Determining which gencode (compute_, arch_) values I need for nvcc - within CMake

I'm using CMake as a build system for my code, which involves CUDA. I was thinking of automating the task of deciding which compute_XX and arch_XX I need to to pass to my nvcc in order to compile for the GPU(s) on my current machine.
Is there a way to do this:
With the NVIDIA GPU deployment kit?
Without the NVIDIA GPU deployment kit?
Does CMake's FindCUDA help you in determining the values for these switches?
My strategy has been to compile and run a bash script that probes the card and returns the gencode for cmake. Inspiration came from University of Chicago's SLURM. To handle errors or multiple gpus or other circumstances, modify as necessary.

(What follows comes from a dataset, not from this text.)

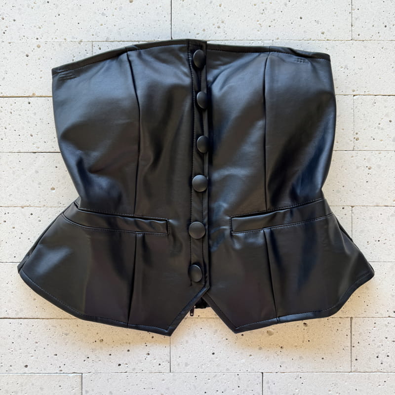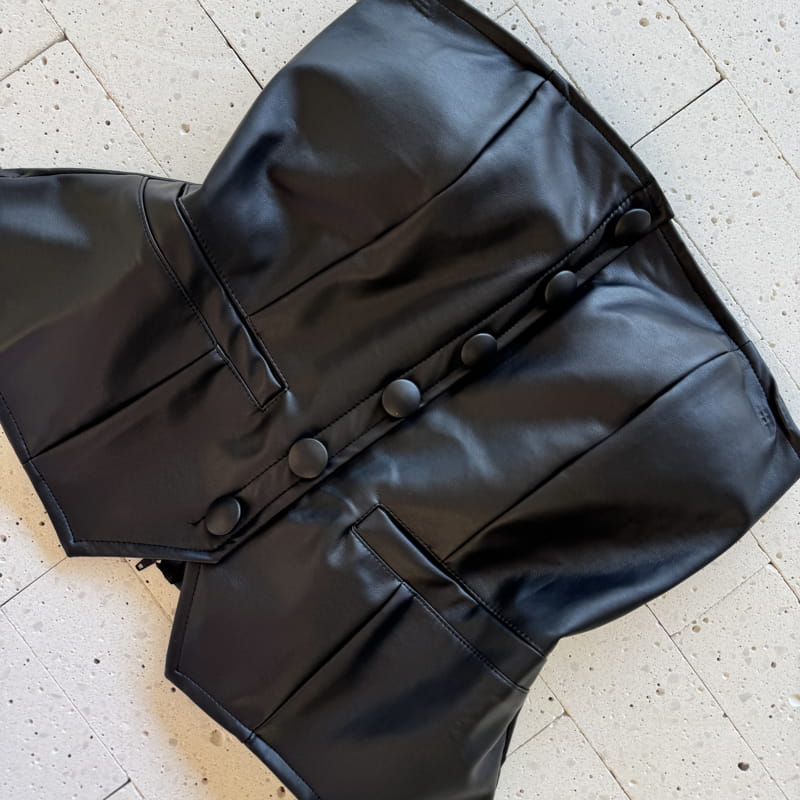 O Conjunto Couro Sintético Preto é a escolha certa para quem quer se destacar. A blusa tomara que caia traz bojo interno, recortes que realçam o busto e fechamento nas costas com zíper e elástico, garantindo segurança e conforto. O short saia em cintura média conta com lapelas, tiras decorativas e argolas metálicas que dão um toque moderno à peça. Feito em couro sintético macio e estruturado, proporciona caimento firme sem transparência.

In your project folder create a file cudaComputeVersion.bash and ensure it is executable from the shell. Into this file put:
#!/bin/bash
# create a 'here document' that is code we compile and use to probe the card
cat << EOF > /tmp/cudaComputeVersion.cu
#include <stdio.h>
int main()
{
cudaDeviceProp prop;
cudaGetDeviceProperties(&prop,0);
int v = prop.major * 10 + prop.minor;
printf("-gencode arch=compute_%d,code=sm_%d\n",v,v);
}
EOF
# probe the card and cleanup
/usr/local/cuda/bin/nvcc /tmp/cudaComputeVersion.cu -o /tmp/cudaComputeVersion
/tmp/cudaComputeVersion
rm /tmp/cudaComputeVersion.cu
rm /tmp/cudaComputeVersion
And in your CMakeLists.txt put:
# at cmake-build-time, probe the card and set a cmake variable
execute_process(COMMAND ${CMAKE_CURRENT_SOURCE_DIR}/cudaComputeVersion.bash OUTPUT_VARIABLE GENCODE)
# at project-compile-time, include the gencode into the compile options
set(CUDA_NVCC_FLAGS ${CUDA_NVCC_FLAGS}; "${GENCODE}")

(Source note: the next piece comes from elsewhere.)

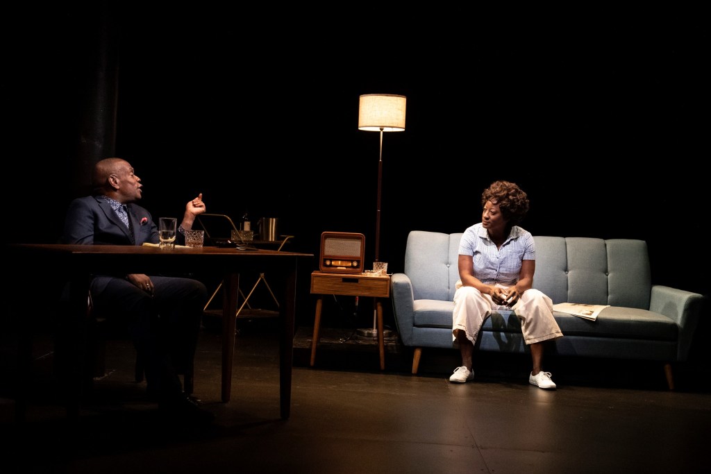 The unadorned, bare bones production highlights the arguments Baldwin and Buckley presented at Cambridge in response to the question, “Has the American Dream been achieved at the expense of the American Negro?” With a minimalist set, two desks, chairs, lamps staged with the audience on three sides at the Anspacher Theater, the evening replicates the words if not the tone, ethos or dynamic drama of Baldwin (Greig Sargeant) and Buckley (Ben Jalosa Williams) in their face-off.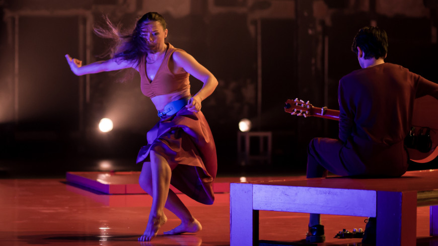 Elle dialogue ici dans un duo musical avec Rafael Riqueni, qui compose et interprète sur scène toutes les musiques originales — il est considéré comme l’un des plus grands de l’histoire du flamenco.

# this makes CMake all chatty and allows you to see that GENCODE was set correctly
set(CMAKE_VERBOSE_MAKEFILE TRUE)
cheers
You can use the cuda_select_nvcc_arch_flags() macro in the FindCUDA module for this without any additional scripts when using CMake 3.7 or newer.
include(FindCUDA)
set(CUDA_ARCH_LIST Auto CACHE STRING
"List of CUDA architectures (e.g. Pascal, Volta, etc) or \
compute capability versions (6.1, 7.0, etc) to generate code for. \
Set to Auto for automatic detection (default)."
)
cuda_select_nvcc_arch_flags(CUDA_ARCH_FLAGS ${CUDA_ARCH_LIST})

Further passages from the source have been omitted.